L’argent, disait Boris, ne fait pas le bonheur de ceux qui n’en n’ont pas, quand le trop d’argent creuse partout les malheurs du monde…


Personne n’achètera l’histoire du Parthénon, quand même les pierres partiraient une à une marquer d’âme disparue les paradis fiscaux de la planète-fric. Personne n’achètera les cieux grecs. Leurs dieux sont morts, ils ne verront pas l’argent devenu fou écraser leur patrie, et personne ne possédera jamais les secrets du grand ciel bleu de la Méditerranée.


Ce qui s’achète a-t-il la moindre valeur ? Peut-on acheter le regard immense d’une vieille dame qui s’abandonne à ses rêves ? Personne ne peut s’offrir l’intime abandon de l’autre, qui fait la vraie vie. Aucun Sofitel ne donnera jamais le moindre amour aux impuissants de l’humanité.
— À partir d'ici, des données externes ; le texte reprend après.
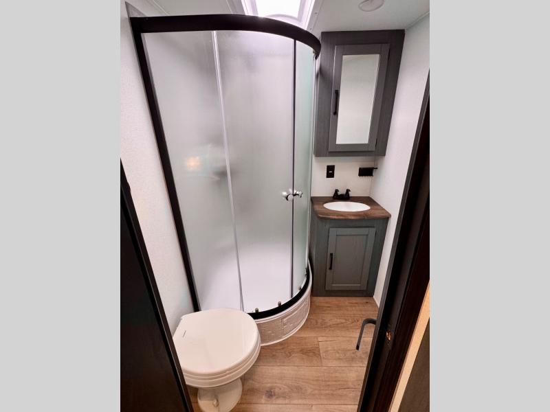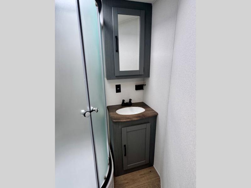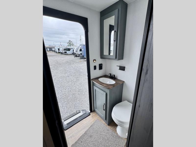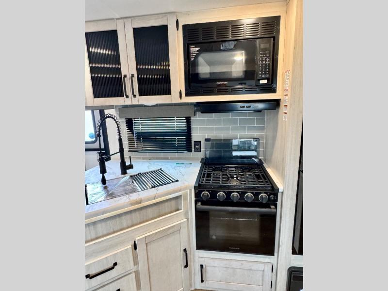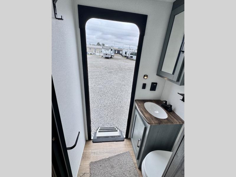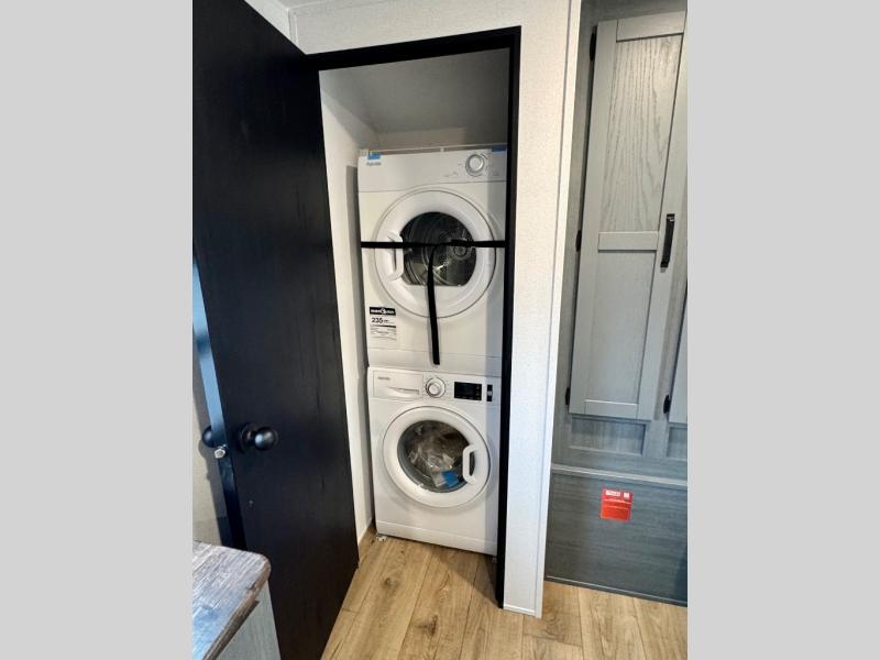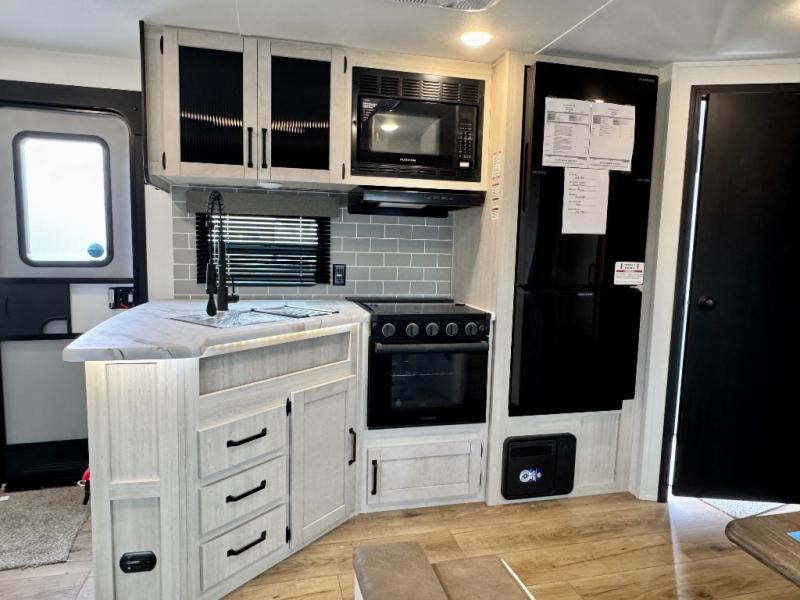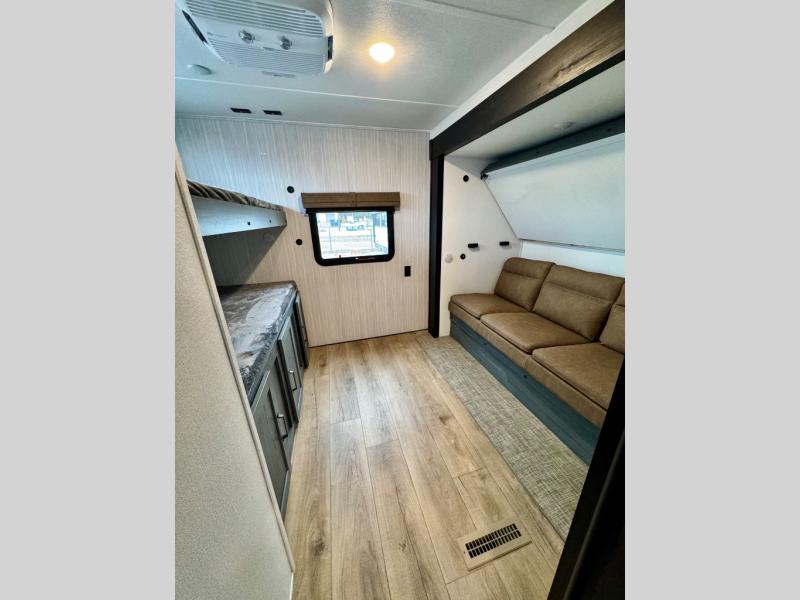 With dual entry doors and a bath and a half, you will have the ultimate in convenience with this travel trailer! The bedroom also has a front closet to keep your clothes looking their best and a queen bed slide for you to sleep your best. Everyone can freshen up in the full bathroom with the 34" x 34" radius shower and fill their bellies with scrambled eggs cooked with the stainless steel oven and range. Enjoy your meals, play games, and even sleep at the booth dinette or relax on the sofa while watching a movie with the entertainment center and fireplace. And your guests will love the rear private bunkhouse with three bunks, a jiffy sofa, and a slide out for more space! This model also includes an optional outside mini kitchen with a griddle!

Ce qui se jette ici, là-bas vaut de l’or, ou de l’eau plus ou moins pure pour étancher la soif de la vie…
 L’Afrique a l’étendue, la sécheresse, la pauvreté, et souvent la misère. Le pouvoir d’achat, dans ses excès, est un pouvoir de tue-la-vie, de tue-l’avenir, et même de tue-la- planète, quand les dangereuses richesses viennent souvent du passé, des matières premières amassées, des territoires possédés, et des hommes naguère achetés par millions.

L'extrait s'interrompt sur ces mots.